Oui, je suis d'accord avec cette interprétation, confirmée par ces quelques lignes juste au-dessus de votre passage, qui auraient pu vous alerter (on parle de ces Limousins comme Corentin qui se font embaucher comme maçons par Richelieu pour construire des digues à La Rochelle:
"...depuis donc qu'après cette affaire de La Rochelle les Limousins eurent pris quelque chose comme le goût de la maçonnerie,* l'habitude en tout cas d'être nègres ailleurs qu'en Limousin dix mois sur douze...*"
Cela signifie qu'ils vont travailler hors de leur région dix mois sur douze, et qu'ils y reviennent deux mois, ce rythme se répétant pour Corentin depuis ses quinze ans.
Mais pourquoi le _redoutiez_-vous ?


----------



## giuseppegg

j'ai perdu le fil; je suis content d'apprendre que l'expression evoque un tournure vieillie et littéraire (je cragnais avoir oublié mon pauvre français).

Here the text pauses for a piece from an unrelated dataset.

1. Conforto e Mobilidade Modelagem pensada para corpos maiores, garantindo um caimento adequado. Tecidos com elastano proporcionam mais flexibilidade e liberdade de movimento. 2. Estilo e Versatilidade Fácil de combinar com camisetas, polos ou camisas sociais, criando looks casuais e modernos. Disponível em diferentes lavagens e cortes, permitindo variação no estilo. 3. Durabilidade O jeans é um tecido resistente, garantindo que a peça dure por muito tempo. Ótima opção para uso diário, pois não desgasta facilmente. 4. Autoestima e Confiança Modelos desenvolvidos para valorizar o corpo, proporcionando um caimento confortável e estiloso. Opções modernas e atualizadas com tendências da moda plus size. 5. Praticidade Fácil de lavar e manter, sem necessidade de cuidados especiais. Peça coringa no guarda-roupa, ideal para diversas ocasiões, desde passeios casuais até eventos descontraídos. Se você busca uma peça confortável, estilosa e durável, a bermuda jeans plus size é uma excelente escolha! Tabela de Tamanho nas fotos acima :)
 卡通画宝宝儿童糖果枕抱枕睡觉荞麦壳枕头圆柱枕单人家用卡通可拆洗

Je continue à ne pas bien saisir le sens: il vient là des bois à chaque année? / au fil des années? 

merci à tous G


----------



## Onalie

Il me semble que cela signifie : "Le vieux Corentin, ..., venu chaque année depuis qu’il avait quinze ans des forêts de la Marche, ..., avait peut-être de ces qualités, beauté, finesse de l’esprit ou noblesse du cœur, ..."
Donc tous les ans il vient en passant par les "forêts de la Marche".

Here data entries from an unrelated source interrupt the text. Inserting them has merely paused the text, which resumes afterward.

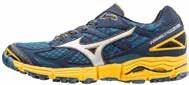 Realizzata con una tomaia in Air Mesh, assicura traspirabilità e leggerezza. Grazie all’intersuola in mescola di Ap+ offre ammortizzamento e reattività. Il nuovo concetto tecnico per il trail in casa Mizuno XtaRide consiste inoltre nella presenza di cuscinetti Xtatic e tassellatura con design a X. La scarpa è così in grado di adattarsi efficacemente a ogni tipo di percorso incontrato e si muove in perfetta armonia con il piede. Il battistrada favorisce un grip ottimale anche sulle superfici bagnate. Differenziale: 12 mm. Peso: 325 g.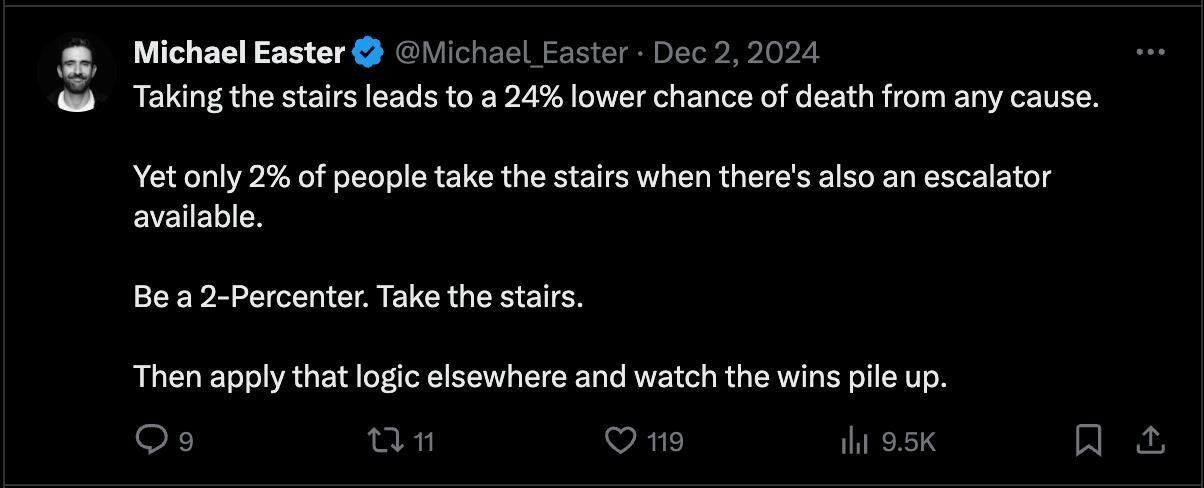Майкл Истер, автор The Comfort Crisis, однажды сказал: «I'm trying to position myself as a middle ground between super dumbed-down health information from major media and four-hour podcasts that go down crazy rabbit holes.»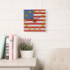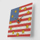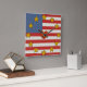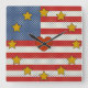 O relógio da parede divertida mostra o design patriótico delicioso de Leslie Sigal Javorek baseado na bandeira americana: com listras poka-pontilhadas alternadas de vermelho e branco; um bloco azul pontilhado por polca no canto superior esquerdo; estrelas coloridas de mostarda picante como marcadores de hora, e um coração vermelho sujo no centro. Escolha o estilo quadrado ou redondo.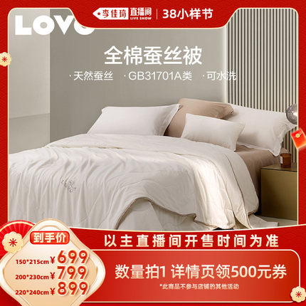 【李佳琦直播间】罗莱生活LOVO乐蜗家纺蚕丝被二合一全棉可水洗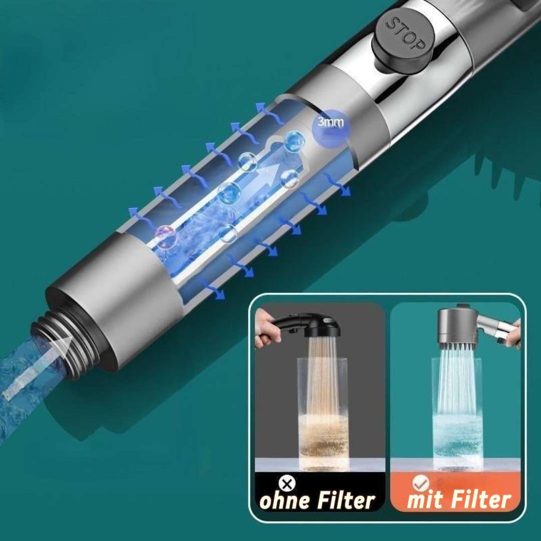 Entdecken Sie eine neue Dimension des Duschkomforts mit unserem modernen Duschkopf mit eingebautem Wasserfilter.

J'espère que cela répond convenablement à votre question


----------



## nicduf

Peut-on considérer que "année sur année" est l'équivalent de" année après année" ?


----------



## Onalie

Je pense que ça serait effectivement synonyme je n'y avais pas du tout pensé


----------



## giuseppegg

merci à tous infiniment, G


----------



## k@t

Indiqué par Reynald ci-dessus  :



Reynald said:


> Donc, il était venu _année après année_,



Confirmé, notamment, par le Tlfi :


> *2.* [Marque la répétition rapide, *l'enchaînement*; type _faire bêtise sur bêtise_] _On va faire flambée sur flambée. Au matin, je veux qu'il y ait ici dedans un tas de cendres, de quoi remplir une brouette_ (Bernanos, _Mouchette_, 1937, p. 1282).
> 
> SUR : Définition de SUR


(Graissé par moi.)

Un exemple avec *jour *et _*heure *_:


> au terme de la vie, jour sur jour, heure sur heure...
> Arthur - Journal d'un inconnu



Et un autre avec *semaine *et _*mois *_:


> Semaines sur semaines, mois sur mois.
> Le Chasseur de la nuit


----------



## lamy08

k@t said:


> Et un autre avec *semaine *et _*mois *_:



Ce n'est pas parce que certains l'emploient qu'ils écrivent sans faute (les samedis soir*s*/les lundis matin*s*/ semaine*s *sur semaine*s *).
Du coup, ils se discréditent.


----------



## giuseppegg

je n'ai pas compris le dernier commentaire, G (et encore merci à tous)


----------



## lamy08

Je veux dire que, quand un auteur fait des fautes, (celles que j'ai signalées entre parenthèses), ce n'est pas étonnant qu'il emploie aussi cette expression ''année sur année'' que je n'avais jamais entendue auparavant et qui ne me semble pas du bon français. Ou inversement. 
Tout ça pour dire que ce n'est pas à son honneur. 
Du moins, c'est mon avis.


----------



## giuseppegg

ah, je comprends maintenant; pourtant, cet auteur (Michon) est apprecié comme un auteur dans lequel le style est très soigné (?) G


----------



## k@t

lamy08 said:


> ''année sur année'' que je n'avais jamais entendue auparavant et qui ne me semble pas du bon français.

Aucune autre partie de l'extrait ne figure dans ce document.